DATA:
-- Opening Marker --
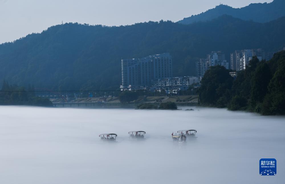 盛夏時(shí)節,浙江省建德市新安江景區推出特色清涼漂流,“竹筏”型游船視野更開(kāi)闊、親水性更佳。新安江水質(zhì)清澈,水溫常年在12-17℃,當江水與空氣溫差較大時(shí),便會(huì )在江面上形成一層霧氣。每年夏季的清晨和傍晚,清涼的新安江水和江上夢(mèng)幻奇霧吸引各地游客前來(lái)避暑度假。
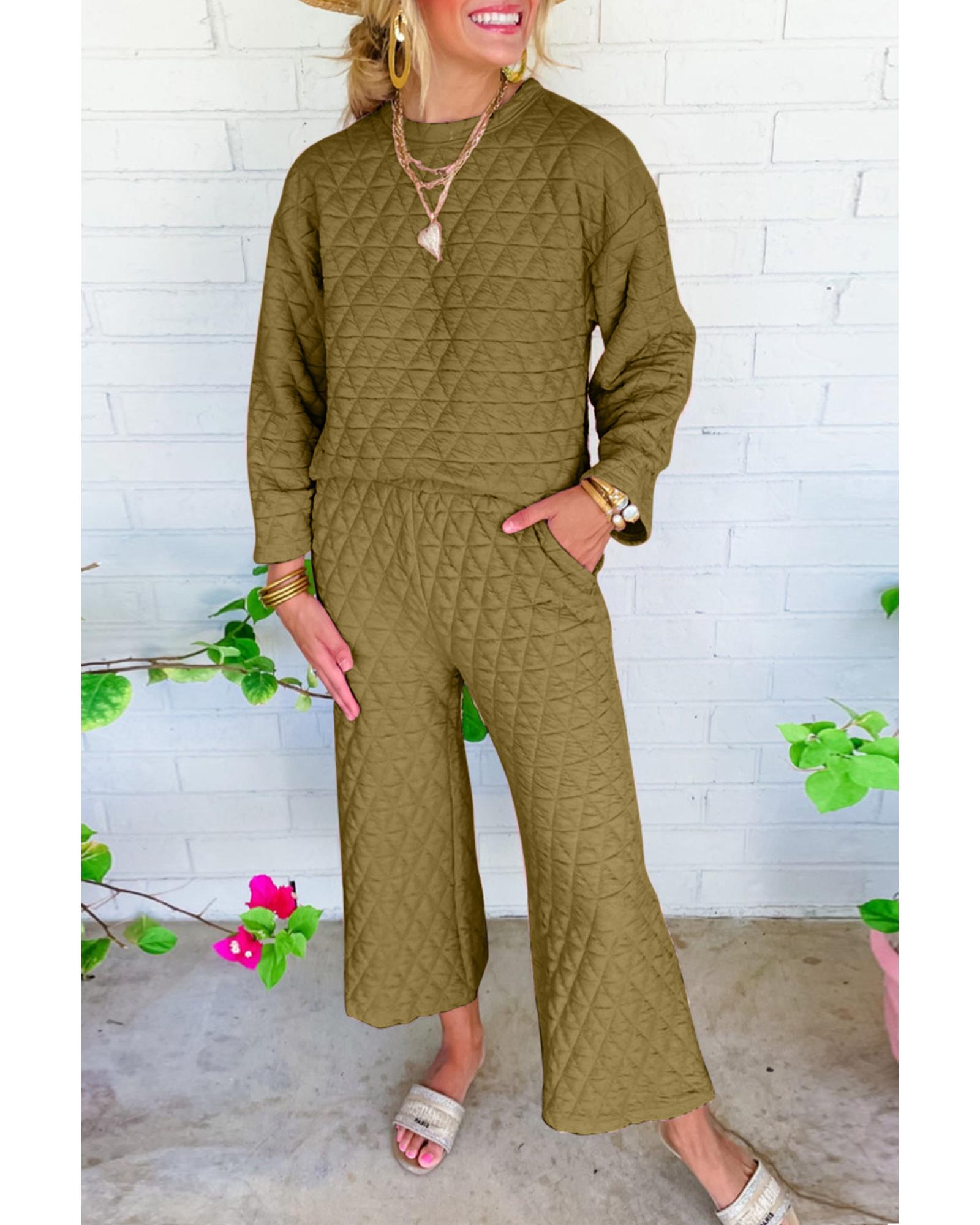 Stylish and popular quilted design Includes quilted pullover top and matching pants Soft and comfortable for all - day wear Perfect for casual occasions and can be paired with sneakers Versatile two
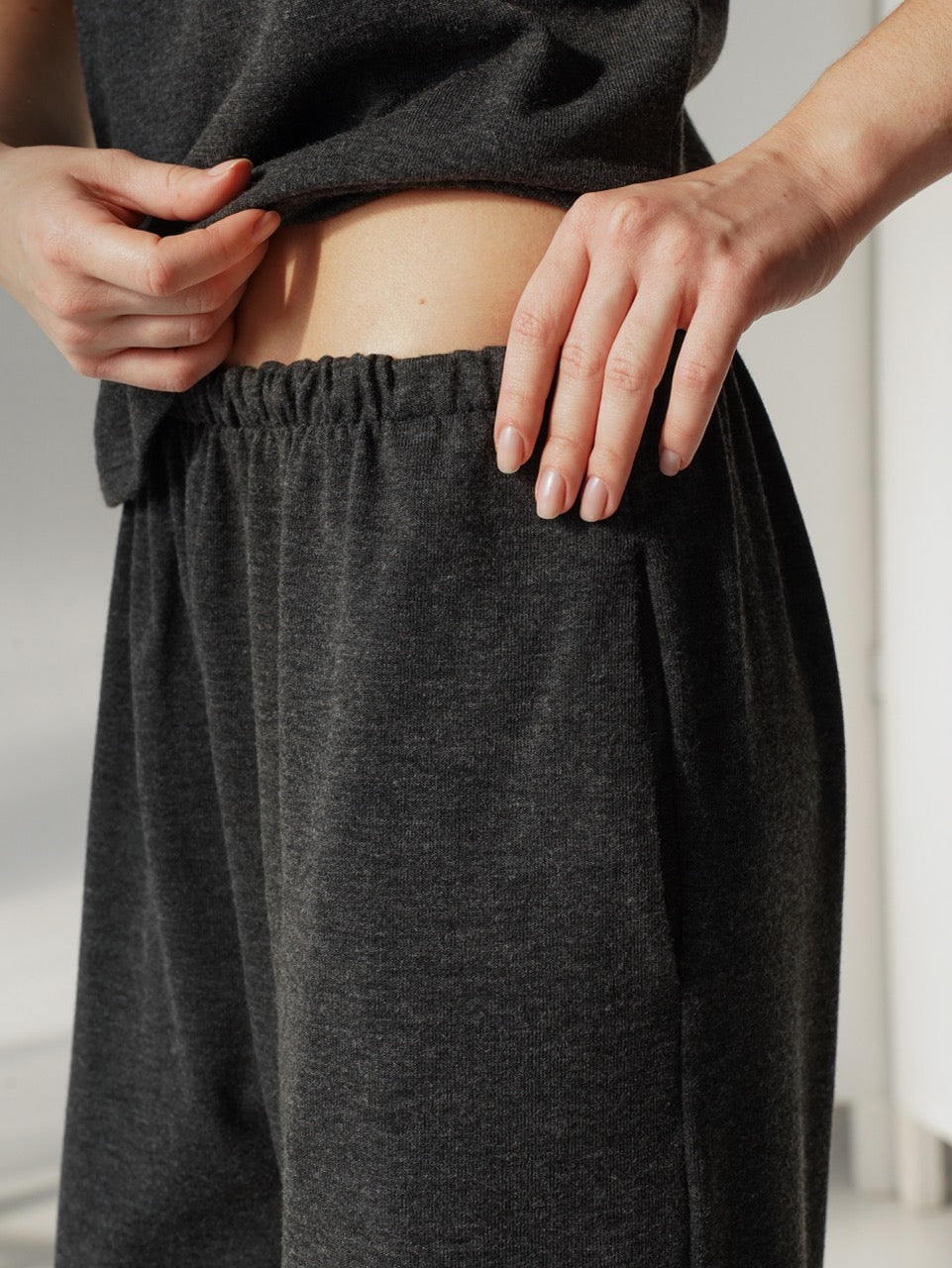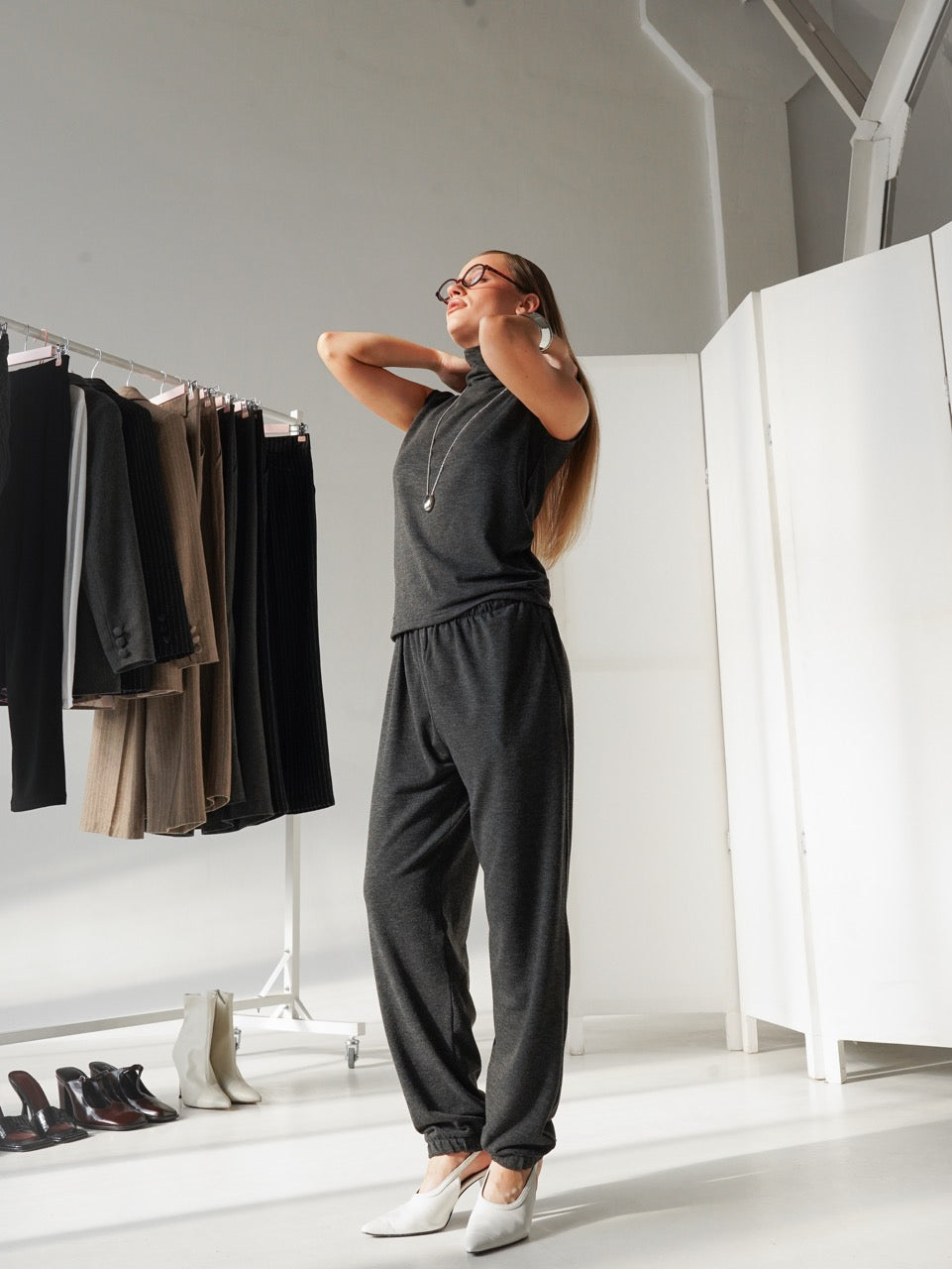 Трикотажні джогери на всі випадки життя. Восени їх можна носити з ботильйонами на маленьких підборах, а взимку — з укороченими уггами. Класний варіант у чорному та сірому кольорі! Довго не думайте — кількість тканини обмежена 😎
-- Closing Marker --
EXERCISE BRIEF:
Each line above must be set down exactly, though no picture should be carried over.

SOLUTION TO THIS TASK:
 盛夏時(shí)節,浙江省建德市新安江景區推出特色清涼漂流,“竹筏”型游船視野更開(kāi)闊、親水性更佳。新安江水質(zhì)清澈,水溫常年在12-17℃,當江水與空氣溫差較大時(shí),便會(huì )在江面上形成一層霧氣。每年夏季的清晨和傍晚,清涼的新安江水和江上夢(mèng)幻奇霧吸引各地游客前來(lái)避暑度假。
 Stylish and popular quilted design Includes quilted pullover top and matching pants Soft and comfortable for all - day wear Perfect for casual occasions and can be paired with sneakers Versatile two
 Трикотажні джогери на всі випадки життя. Восени їх можна носити з ботильйонами на маленьких підборах, а взимку — з укороченими уггами. Класний варіант у чорному та сірому кольорі! Довго не думайте — кількість тканини обмежена 😎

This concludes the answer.